EXERCISE GOAL: Only the pictures are to be left out; write out the rest of the data exactly.

========

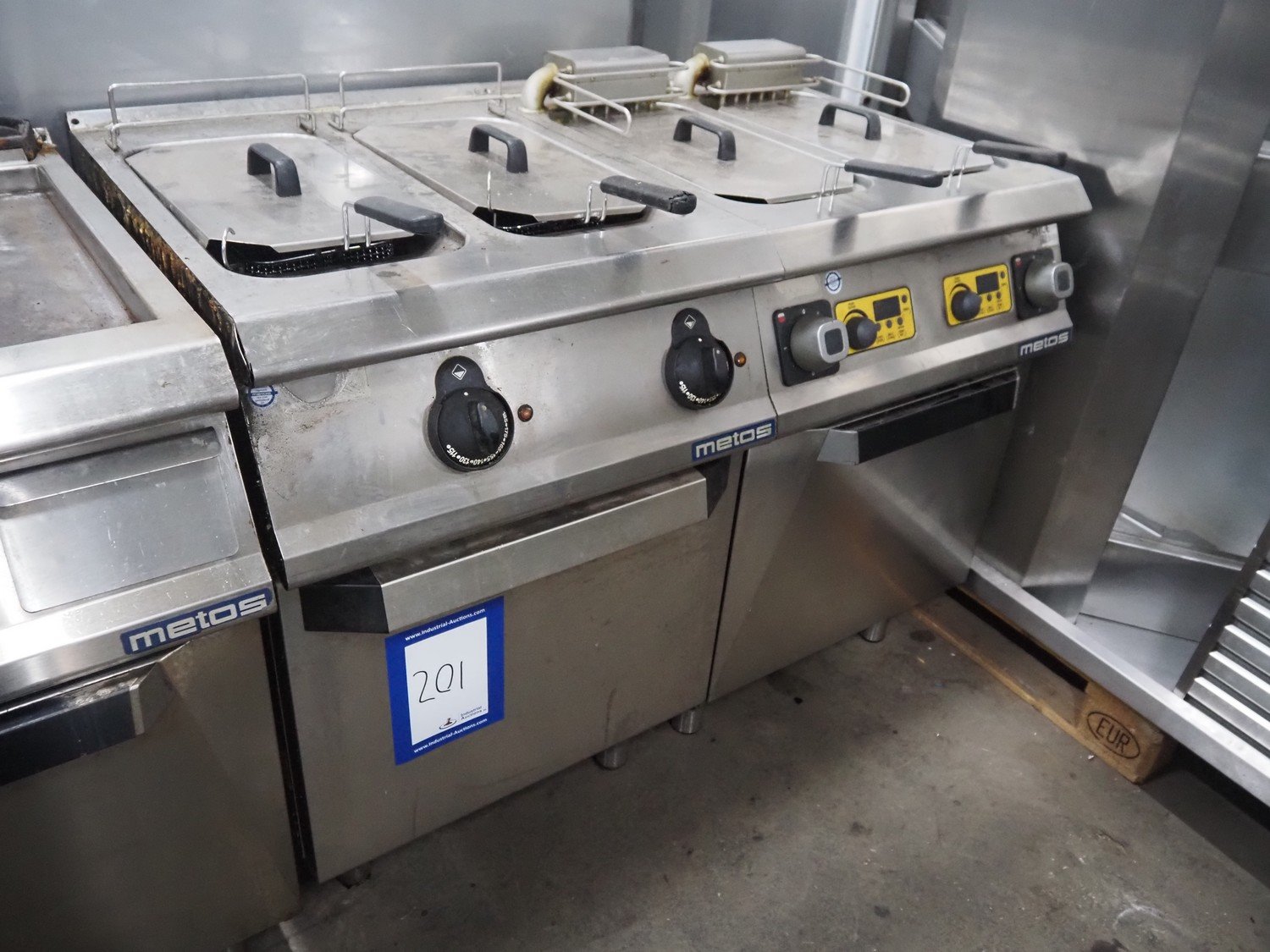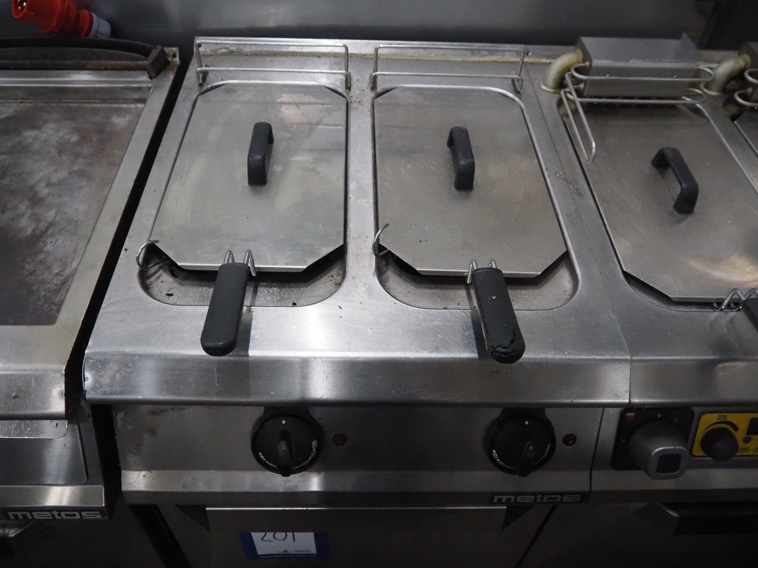 Metos fryer, 4 baskets, dimensions basket: (4x) 300 mm x 160 mm x 100 mm, total dimensions: 1200 mm x 750 mm x 1000 mm.
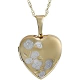 • Sterling Silver Engraved Flowers Heart Locket Necklace, 18"
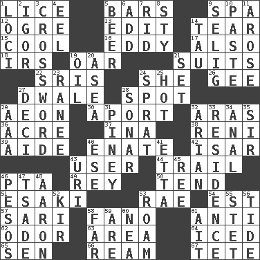 ACROSS 1. Louse (plural) 5. Soap units 9. Health resort 12. Legendary monster 13. Prepare for publication 14. Lacerate 15. Calm and collected 16. Whirlpool 17. In addition 18. Big collection agency 19. Boat paddle 21. Sets or collections 22. Indian titles of respect 24. A female animal or person 26. Unit of force equal to gravity 27. A sleeping potion; an opiate (poet.) 28. Blemish 29. Period of immesurable duration 30. To the left, to Queeg 32. Ancient river in northeast Turkey 36. 43,560 square feet 37. _ tizzy (2 wds.) 38. Painter Guido (1575-1642) 39. Helper 40. Related on the mother's side 42. Austrian river, tributary to the Danube 43. One who makes use of a thing 44. Get behind 46. Parent Teacher Assoc. 49. Marina Del _, California 50. Watch over 51. 1973 Nobel Price Winner (Physics) Leo 53. Actress Charlotte 54. Eastern Standard Time (abbr.) 57. Indian skirt 58. Papal veil 61. Against 62. Aroma 63. Length times width 64. On the rocks 65. Elected rep. 66. 480, 500 or 516 sheets of paper 67. False hair DOWN 1. Venues 2. Composer Stravinsky 3. What you're doing now 4. Snakelike fish 5. Fermented drink made from hops 6. Say or write further 7. To free from 8. Filthy place 9. Major League Baseball Commissioner Bud 10. Thick mixture 11. Came up 14. The 19th letter of the Greek alphabet 19. Petroleum 20. At sea 21. Arrange properly for use 23. Indian princess (variant) 24. Small fatty European fish 25. Being at a high temperature 27. Tenth: prefix 28. Echolocation 29. Auto club (abbr.) 31. Abounding in pines 32. Believer in; advocate of (suffix) 33. Dwelling 34. Of or related to the anus 35. Title for a knight 40. Compass dir. 41. Singer James 43. RI univ. 45. To sift 46. Mexican monetary units 47. Sadhe (variant) 48. Composer Copland 52. Apertif with cassis 53. Wander 55. Proofreading order 56. Event that recurs at intervals 58. Distant 59. "We ___ not amused" (Victoria) 60. Teachers' org. 61. Small island
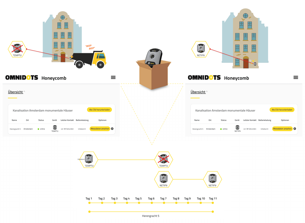 Am Beispiel eines Kanalisationsprojekts an den Grachtenhäusern in Amsterdam erklärt Lourens Rozema (CTO von Omnidots) den Vorteil der Auswertung von Messpunkten anstelle des Messgeräts selbst. „Für ein groß angelegtes Kanalisationsprojekt an den Amsterdamer Grachten mussten Erschütterungsmessungen durchgeführt werden, um die großen monumentalen Stadthäuser Amsterdams zu schützen. Der Austausch der Kanalisation geschieht nicht auf einmal, sondern Stück für Stück. Die Erschütterungsmessungen werden an den Häusern durchgeführt, wo der Bagger gerade arbeitet. Dies ermöglicht Ihnen, die Sensoren zu bewegen und für jedes Haus in der Messplattform einen neuen Messpunkt anzulegen. Sie haben also für jedes Grachtenhaus einen Messpunkt in der Online-Plattform Honeycomb geschaffen, benötigen jedoch möglicherweise nur drei physische Messsensoren.“
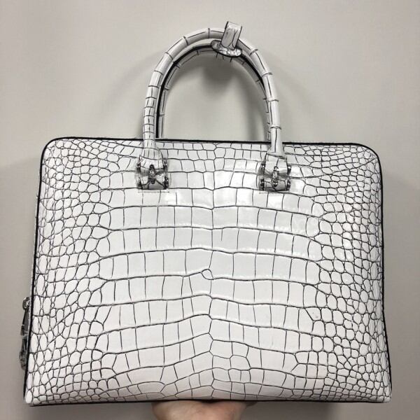 美品 完璧 クロコダイルレザー ワニ革保証 メンズバッグ ビジネスバッグ ハンドバッグ ブリーフケース A4書類かばん バニラ 大容量

========

EXERCISE RESULT:
 Metos fryer, 4 baskets, dimensions basket: (4x) 300 mm x 160 mm x 100 mm, total dimensions: 1200 mm x 750 mm x 1000 mm.
 • Sterling Silver Engraved Flowers Heart Locket Necklace, 18"
 ACROSS 1. Louse (plural) 5. Soap units 9. Health resort 12. Legendary monster 13. Prepare for publication 14. Lacerate 15. Calm and collected 16. Whirlpool 17. In addition 18. Big collection agency 19. Boat paddle 21. Sets or collections 22. Indian titles of respect 24. A female animal or person 26. Unit of force equal to gravity 27. A sleeping potion; an opiate (poet.) 28. Blemish 29. Period of immesurable duration 30. To the left, to Queeg 32. Ancient river in northeast Turkey 36. 43,560 square feet 37. _ tizzy (2 wds.) 38. Painter Guido (1575-1642) 39. Helper 40. Related on the mother's side 42. Austrian river, tributary to the Danube 43. One who makes use of a thing 44. Get behind 46. Parent Teacher Assoc. 49. Marina Del _, California 50. Watch over 51. 1973 Nobel Price Winner (Physics) Leo 53. Actress Charlotte 54. Eastern Standard Time (abbr.) 57. Indian skirt 58. Papal veil 61. Against 62. Aroma 63. Length times width 64. On the rocks 65. Elected rep. 66. 480, 500 or 516 sheets of paper 67. False hair DOWN 1. Venues 2. Composer Stravinsky 3. What you're doing now 4. Snakelike fish 5. Fermented drink made from hops 6. Say or write further 7. To free from 8. Filthy place 9. Major League Baseball Commissioner Bud 10. Thick mixture 11. Came up 14. The 19th letter of the Greek alphabet 19. Petroleum 20. At sea 21. Arrange properly for use 23. Indian princess (variant) 24. Small fatty European fish 25. Being at a high temperature 27. Tenth: prefix 28. Echolocation 29. Auto club (abbr.) 31. Abounding in pines 32. Believer in; advocate of (suffix) 33. Dwelling 34. Of or related to the anus 35. Title for a knight 40. Compass dir. 41. Singer James 43. RI univ. 45. To sift 46. Mexican monetary units 47. Sadhe (variant) 48. Composer Copland 52. Apertif with cassis 53. Wander 55. Proofreading order 56. Event that recurs at intervals 58. Distant 59. "We ___ not amused" (Victoria) 60. Teachers' org. 61. Small island
 Am Beispiel eines Kanalisationsprojekts an den Grachtenhäusern in Amsterdam erklärt Lourens Rozema (CTO von Omnidots) den Vorteil der Auswertung von Messpunkten anstelle des Messgeräts selbst. „Für ein groß angelegtes Kanalisationsprojekt an den Amsterdamer Grachten mussten Erschütterungsmessungen durchgeführt werden, um die großen monumentalen Stadthäuser Amsterdams zu schützen. Der Austausch der Kanalisation geschieht nicht auf einmal, sondern Stück für Stück. Die Erschütterungsmessungen werden an den Häusern durchgeführt, wo der Bagger gerade arbeitet. Dies ermöglicht Ihnen, die Sensoren zu bewegen und für jedes Haus in der Messplattform einen neuen Messpunkt anzulegen. Sie haben also für jedes Grachtenhaus einen Messpunkt in der Online-Plattform Honeycomb geschaffen, benötigen jedoch möglicherweise nur drei physische Messsensoren.“
 美品 完璧 クロコダイルレザー ワニ革保証 メンズバッグ ビジネスバッグ ハンドバッグ ブリーフケース A4書類かばん バニラ 大容量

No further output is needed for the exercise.